Hi awesome guy of ARM,
I have a question on ARM A53 platform, and I needs your help!
I have writen a small program to verify floating data compute paralleled performance, main loop was made of several "fmla" instructions, and related registers have no dependencies with each other. As a result, the dual issue was not I expected, as I know, we inserted some other neon instructions which registers not related to "fmla" so that it can get "dual issue". such as,
fmla v0.4s, v0.4s, v20.s //line 0 ldr q30,[x1] fmla v1.4s, v1.4s, v20.s //line 1
but, it was found that the running time became long since the "ldr" instruction was inserted, unless the first operand of ldr instruction is general register(such as Xn), or else the running time must become long when insert it. and then we inserted " add v22.4s,v22.4s,v23.4s" or "str q30,[x1]" between line 0 and line 1, we got the same result.

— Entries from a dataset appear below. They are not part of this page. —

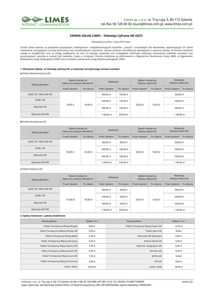 Limes sp. z o.o. ul. Trzy Lipy 3, 80-172 Gdańsk tel./fax 58 728 40 00, [email protected], www.limes.com.pl CENNIK USŁUG LIMES – Telewizja Cyfrowa HD (SGT) Obowiązuje od dnia 1 Lipca 2014 roku. Cennik został ustalony na podstawie przejrzystych, obiektywnych i niedyskryminujących kryteriów – jasnych i zrozumiałych dla Abonentów, zapewniających ich równe traktowanie, sprzyjających uczciwej konkurencji oraz umożliwiających rozeznanie sytuacji prawnej i konsekwencji wynikających z zawarcia Umowy. W Cenniku określone zostały w szczególności ceny za Usługi, podłączenie do sieci, za obsługę serwisową oraz szczegółowe informacje dotyczące stosowanych pakietów cenowych oraz przyznawanych upustów w ramach tych pakietów. Użyte w niniejszym Cenniku określenia są zdefiniowane w Regulaminie Świadczenia Usług LIMES, w Regulaminie Świadczenia Usług Telewizyjnych LIMES oraz w Umowie o świadczenie usług telekomunikacyjnych LIMES. 1. Miesięczne Opłaty za Telewizję Cyfrową HD, w zależności od wybranego zestawu kanałów: a) Pakiet Wielotematyczny HD Rodzaj dekodera Opłata miesięczna (także przy zakupie dekodera*) Przed rabatem Po rabacie ZyXEL SD / MAG 250 HD ZyXEL HD 74,00 zł Motorola HD Opłata miesięczna (kolejny odbiornik) Aktywacja Przed rabatem Po rabacie 360,00 zł 100,00 zł 540,00 zł 150,00 zł 54,00 zł Motorola HD PVR Przed rabatem Po rabacie Aktywacja (kolejny odbiornik) Przed rabatem Po rabacie 360,00 zł 540,00 zł 30,00 zł 10,00 zł 560,00 zł 150,00 zł 560,00 zł 1 180,00 zł 650,00 zł 1 180,00 zł b) Pakiet Rozrywkowy HD Rodzaj dekodera Opłata miesięczna (także przy zakupie dekodera*) Przed rabatem Po rabacie ZyXEL SD / MAG 250 HD ZyXEL HD 85,00 zł 65,00 zł Motorola HD Motorola HD PVR Opłata miesięczna (kolejny odbiornik) Aktywacja Przed rabatem Po rabacie Aktywacja (kolejny odbiornik) Przed rabatem Po rabacie Przed rabatem Po rabacie 360,00 zł 80,00 zł 540,00 zł 100,00 zł 560,00 zł 100,00 zł 560,00 zł 1 180,00 zł 550,00 zł 1 180,00 zł 360,00 zł 30,00 zł 10,00 zł 540,00 zł c) Pakiet Rodzinny HD Rodzaj dekodera Opłata miesięczna (także przy zakupie dekodera*) Przed rabatem Po rabacie ZyXEL SD / MAG 250 HD ZyXEL HD 115,00 zł Opłata miesięczna (kolejny odbiornik) Aktywacja Przed rabatem Po rabacie 360,00 zł 40,00 zł 540,00 zł 50,00 zł 95,00 zł Przed rabatem Po rabacie Aktywacja (kolejny odbiornik) Przed rabatem Po rabacie 360,00 zł 540,00 zł 30,00 zł 10,00 zł Motorola HD 560,00 zł 50,00 zł 560,00 zł Motorola HD PVR 1 180,00 zł 450,00 zł 1 180,00 zł 2. Opłaty miesięczne - pakiety dodatkowe Nazwa pakietu Opłata / m-c Nazwa pakietu Opłata / m-c Pakiet Tematyczny Więcej Muzyki 4,00 zł Pakiet Tematyczny Więcej Super HD Pakiet Tematyczny Więcej Filmów HD 9,99 zł Polsat Sport HD 14,99 zł 8,00zł Pakiet Tematyczny Więcej Bajek 5,99 zł Discovery HD Showcase 6,00 zł Pakiet Tematyczny Więcej Discovery 6,00 zł Animal Planet HD 6,00 zł Pakiet Tematyczny Więcej Sportu HD 7,99 zł National Geographic HD 6,00 zł Pakiet Tematyczny Więcej Nauki HD 6,99 zł Nat Geo HD 6,00 zł Pakiet Tematyczny Więcej Luzu HD 7,99 zł MTVN HD 9,00zł Pakiet Tematyczny Więcej Informacji 2,00 zł TVP HD 6,00 zł Canal+ Silver 48,99 zł Canal+ Gold Limes sp. z o.o., ul. Trzy Lipy 3, 80-172 Gdańsk, tel./fax (+48) 58 728 4000, NIP 585-13-25-727, REGON 19148677300000 organ rejestrowy: Sąd Rejonowy Gdańsk-Północ VII Wydział Gospodarczy KRS, KRS 0000546406, kapitał zakładowy 700000,00zł 58,99 zł strona 1/2 Limes sp. z o.o. ul. Trzy Lipy 3, 80-172 Gdańsk tel./fax 58 728 40 00, [email protected], www.limes.com.pl Canal+ Platinum 69,99 zł Pakiet NEXT 3D HD nSport HD 5,99 zł Zestaw Premium FILMBOX Republika TV 4,99 zł Nazwa pakietu 6,99 zł 15,00 zł Opłata / m-c Pakiet Premium HBO 29,99 zł Opcja HBO On Demand wyłącznie dla posiadaczy Pakietu Premium HBO 7,00 zł Pakiet Premium Cinemax 15,00 zł Pakiet Tematyczny Więcej Seriali 9,99 zł Pakiet Tematyczny VIASAT 9,99 zł 3. Opłaty jednorazowe ZyXEL SD / MAG 250 HD Nazwa Usługi Przed rabatem Aktywacja Usługi na kolejnym odbiorniku TV Po rabacie Zyxel HD Przed rabatem Motorola HD Po rabacie 360,00 zł 540,00 zł 360,00 zł 540,00 zł Instalacja Usługi Przed rabatem Motorola HD PVR Po rabacie Przed rabatem Po rabacie 560,00 zł 1 180,00 zł 560,00 zł 1 180,00 zł 1,00 zł Zakup dekodera Aktywacja Usługi przy zakupie dekodera przez Abonenta 99,00 zł Zamiana udostępnionego dekodera na dekoder z nagrywarką w trakcie trwania Umowy -ponowna Aktywacja Usługi 1,00 zł --------- 99,00 zł 1,00 zł --------- 99,00 zł 1,00 zł --------- 99,00 zł 1,00 zł 1 279,00 zł 400,00 zł 4. Opłaty serwisowe - jednorazowe Nazwa Usługi Naprawa uszkodzonego przez Abonenta dekodera (zamiana/nowy dekoder) ZyXEL SD / MAG 250 HD ZyXEL HD Motorola HD Motorola HD PVR 459,00 zł 639,00 zł 879,00 zł 1 279,00 zł Motorola HD Motorola HD PVR Nieuzasadnione wezwanie serwisu 50,00 zł Przeniesienie dekodera do drugiego miejsca w lokalu 50,00 zł Naprawa lub modernizacja sieci w lokalu Abonenta 60,00 zł 5. Inne Opłaty Nazwa Usługi ZyXEL SD / MAG 250 HD Cesja Umowy - bez zmiany miejsca instalacji - możliwa tylko w przypadku braku zaległości płatniczych względem Operatora 0,00 zł Samowolne podłączenie/udostępnienie Usług bez zgody Operatora Brak zwrotu udostępnionego dekodera po zakończeniu Umowy ZyXEL HD 2 000,00 zł 459,00 zł 639,00 zł 879,00 zł 1 279,00 zł Wszystkie wyżej wymienione Opłaty stanowią ceny podstawowe i zawierają podatek od towarów i usług. Operator nie wyklucza stosowania ulg na Opłaty, innych czasów określonych Umów oraz możliwości sprzedaży innych zestawów / pakietów kanałów niż wymienione w w/w Cenniku, po uprzednim ogłoszeniu takiego faktu. Kwoty określone w cenniku „Po rabacie” obowiązują w przypadku Usług łączonych tj. podłączenia usługi Telewizji Cyfrowej HD wraz z dostępem do Internetu w LIMES o prędko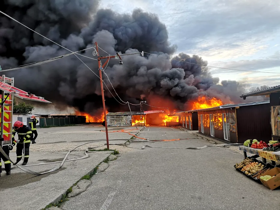VIDEO | Incendiu puternic într-o piață din Braşov. Locuitorii din zonă au primit mesaj de avertizare prin RO-Alert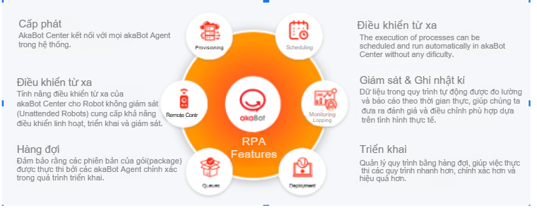AkaBot Center đảm bảo việc quản lý tập trung và phân phối chính xác các phiên bản gói (package) đến bot để thực thi, đồng thời hỗ trợ lên lịch hoặc chạy ngay lập tức thông qua cơ chế kích hoạt (trigger). Nó còn có khả năng phân phối khối lượng công việc đến các bot không giám sát (unattended bots), và khi được cho phép phân phối công việc động, hệ thống có thể tối đa hóa hiệu suất và tối ưu việc sử dụng bot.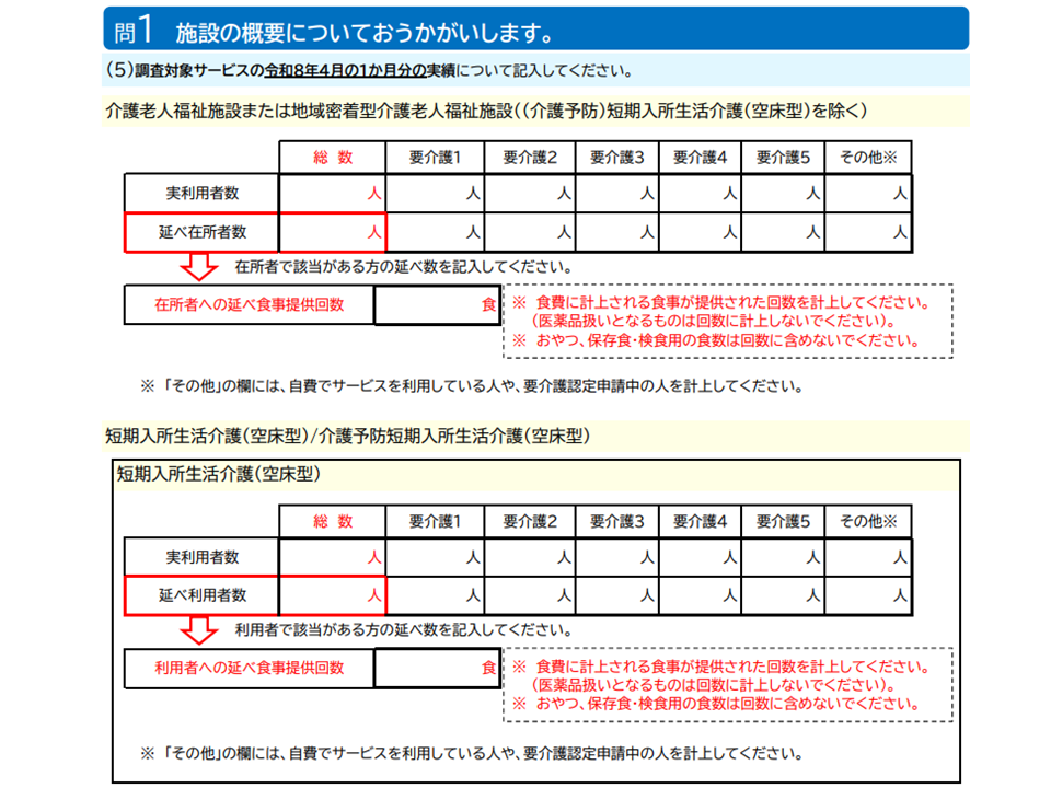 2026年度介護事業経営実態調査における従前から見直しポイント1(施設において食事提供の延べ回数を調べる)

I refered to the doc. “Cortex_A57_Software_Optimization_Guide_external.pdf”, contents as follows,
ldr was issued by pipeline "Load",
str was issued by pipeline "Store",
fmla was issued by pipeline "FP/ASIMD 0" or "FP/ASIMD 1",
As I understand it, ldr and fmla should realize "dual issue".
Wether I have got mistake in comprehension?
Besides, if there is a document of A53 corresponds with "Cortex_A57_Software_Optimization_Guide_external.pdf".
Unfortunately, there is no Cortex-A53 Software Optimization Guide external document. But we can consider Cortex-A53 is similar to Cortex-A57.
However, we may admit that Cortex-A53 is in-order with non-symmetric dual-issue of branch and data-processing instructions; while Cortex-A57 is out of order ( instruction fetch is in order, the instruction execution is out of order).
You can see the Pipeline Overview from the "Cortex-A57_Software_Optimization_Guide_external.pdf" page 6.
whether ldr and fmla can "dual issue" on A53? if yes, how I can do that?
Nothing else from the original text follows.